Last year hoteliers enjoyed continued growth in key performance metrics. This year, research firms expect that party to continue. However, in some areas, the party won’t be as loud.
Here’s a roundup of some of the recent forecasts released by data crunchers:
STR, Tourism Economics Say More Growth
STR and Tourism Economics released their latest forecast in conjunction with the recent Americas Lodging Investment Summit. The companies project that the U.S. hotel industry will post some record-breaking performance levels this year.

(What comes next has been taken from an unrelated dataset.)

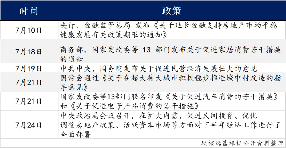 的确如此,自7月10号央行和金融监管总局发布《关于延长金融支持房地产市场平稳健康发展有关政策期限的通知》到7月24日中央政治局会议召开,对下半年经济工作进行全面部署,重磅政策的陆续出台与7月初市场的博弈方向一致,加速了顺周期的行情。

Occupancy is expected to increase 0.3 percent to 66.1 percent in 2018, according to the forecast. Average daily rate is forecast to rise 2.4 percent to $129.77, while revenue per available room should see a 2.7-percent gain to $85.82. The researchers do note that RevPAR grew at least 3 percent each year from 2010 to 2017, however.
Related Story: Moody’s: RevPAR trends point to industry peak
When breaking down segments, the researchers project that the luxury and independent chain-scale segments are likely to report the largest increases in occupancy at 0.4 percent. Independent hotels are forecast to see the most substantial growth in ADR (+2.5 percent) and RevPAR (+2.9 percent). The lowest rate of RevPAR growth is projected in the upscale segment (+1.8 percent).

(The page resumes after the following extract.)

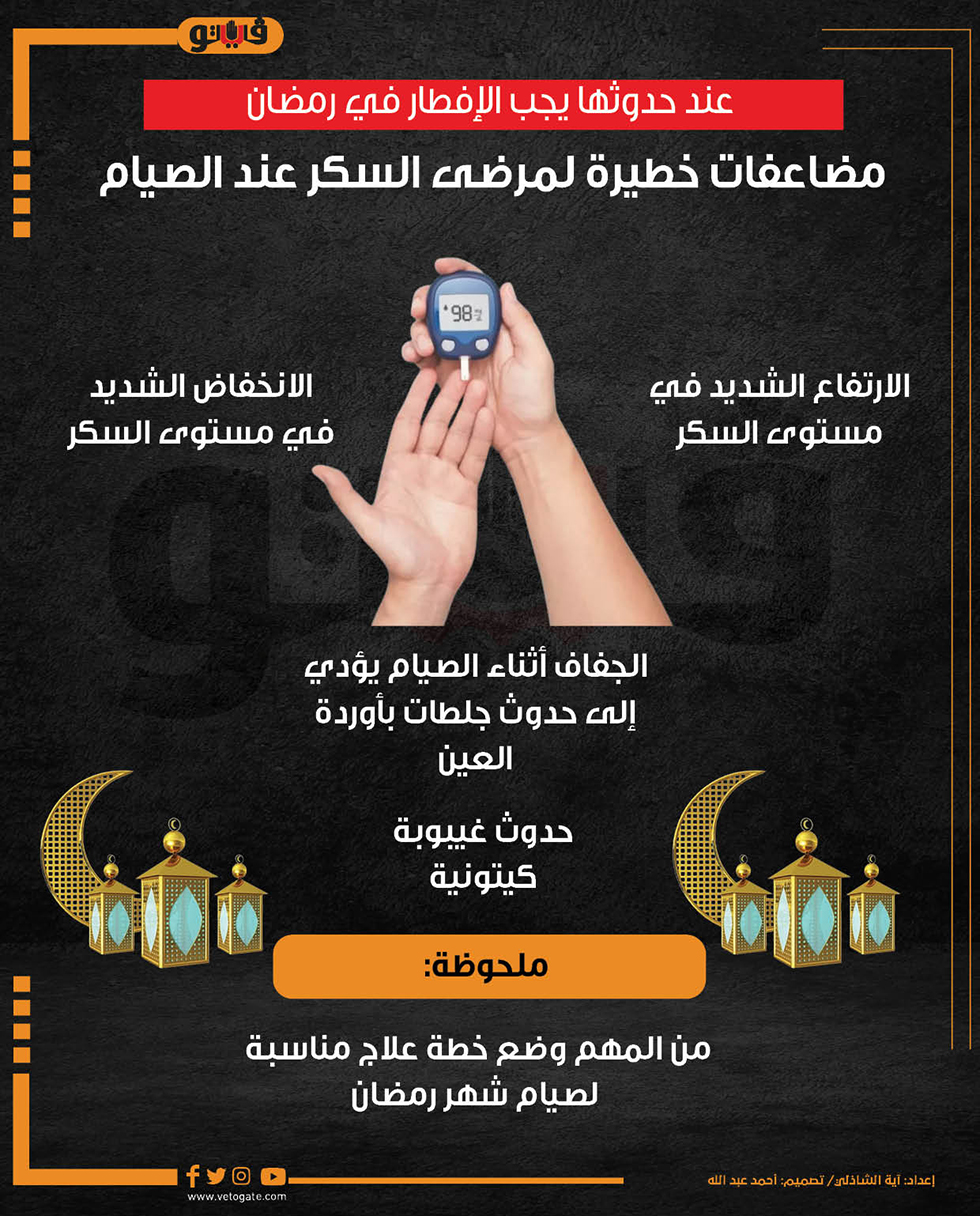 عند حدوثها يجب الإفطار في رمضان.. مضاعفات خطيرة لمرضى السكر عند الصيام (انفوجراف) الإثنين 04/مارس/2024 - 01:09 م 3/4/2024 1:09:44 PM مرض السكر، فيتو آية الشاذلي شارك طباعة 18 حجم الخط شارك طباعة السكرى مرضى السكري شهر رمضان صيام شهر رمضان مرضي السكر مرضى السكري في رمضان مستوي السكر وردة العين جلطات بأوردة العين غيبوبة كيتونية

PwC Points to Stable Economy
After eight straight years of RevPAR growth, PwC’s forecast for 2018 anticipates that a stable economy and tax stimulus will help to support the highest occupancy level in the hospitality industry since 1981. The company forecasts occupancy to grow to 66.1 percent for U.S. hotels in 2018.
Growth in demand continues to be the “tale of two travelers,” according to the research. The leisure transient segment will continue to drive roomnight demand. However, these travelers tend to be price sensitive and are more likely to shop around on price. While inbound international travel, which is an important source of leisure business, declined in the first and second quarters of 2017, researchers note that the weakening U.S. dollar could help to offset that decline moving forward. Finally, corporate transient travelers will continue to show slow demand growth, which has helped contribute to the slow ADR growth the industry has seen despite occupancy reaching new records.

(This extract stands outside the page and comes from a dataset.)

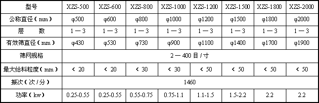 XZS系列旋振筛是在S49系列旋振筛的基础上,吸收国内外先进技术,并采用先进的加工工艺而设计的高精度筛分过滤机械,它是以立式振动电机或专用激振器为振动源,立式振动电机(或激振器)上、下端装有偏心重锤,可产生水平、垂直、倾斜的三次元运动,通过调节上、下偏心重锤的相位角,改变物料在筛面上的运动轨迹以达到筛分各种物料的目的。该产品适用于任何粉、粒、液的筛分和过滤的行业。广泛用于化工、医药粉、液、涂料、颜料、化妆品、油脂、树脂、陶瓷浆、粘土泥浆、生石灰、耐火材料粉末,冶金粉末、电磁粉末、研磨粉、果汁、饮料、食糖、食盐、味精、调料、奶粉、淀粉、面粉、米粉、碳粉、石墨粉、锰粉、碳酸锂、助溶剂、灭火剂以及环保行业的污水、废水处理的工艺过程中的筛分、过滤。

Looking ahead to this year, PwC says that underlying macroeconomic and industry fundamentals are expected to stay strong. Supply growth is anticipated to reach the long-term average and increase to 2 percent. Demand growth, meanwhile, is projected to continue to support the record occupancy levels.
“Strength in consumer spending and the potential for an uptick in corporate transient demand are anticipated to drive a slight uptick in ADR growth compared to last year, ultimately resulting in the ninth straight year of RevPAR growth, approaching the record for the longest consecutive quarterly growth cycle in over 30 years,” the report reads.
JLL Sees Investor Confidence
Hotel investors are more confident about the hotel industry now than they were in late 2016, according to JLL’s North America Hotel Investor Sentiment Survey. The research collected more than 5,000 data points from hotel investors to measure expectations for 2018.
Arthur Adler, Americas chairman at JLL’s Hotels & Hospitality Group, attributed the confidence to strong RevPAR trends, a robust macro economy, a rising stock market and corporate confidence due to tax reform and other initiatives from the government.
“In addition, hotels provide favorable strong risk-adjusted returns and a hedge against inflation,” Adler said in a news release.
Investors expressed a more confident outlook for three-quarters of the North American markets in the survey. The markets that received the most positive performance expectations include: Los Angeles; Washington, D.C.; San Francisco; Boston; Vancouver, Wash.; and Hawaii.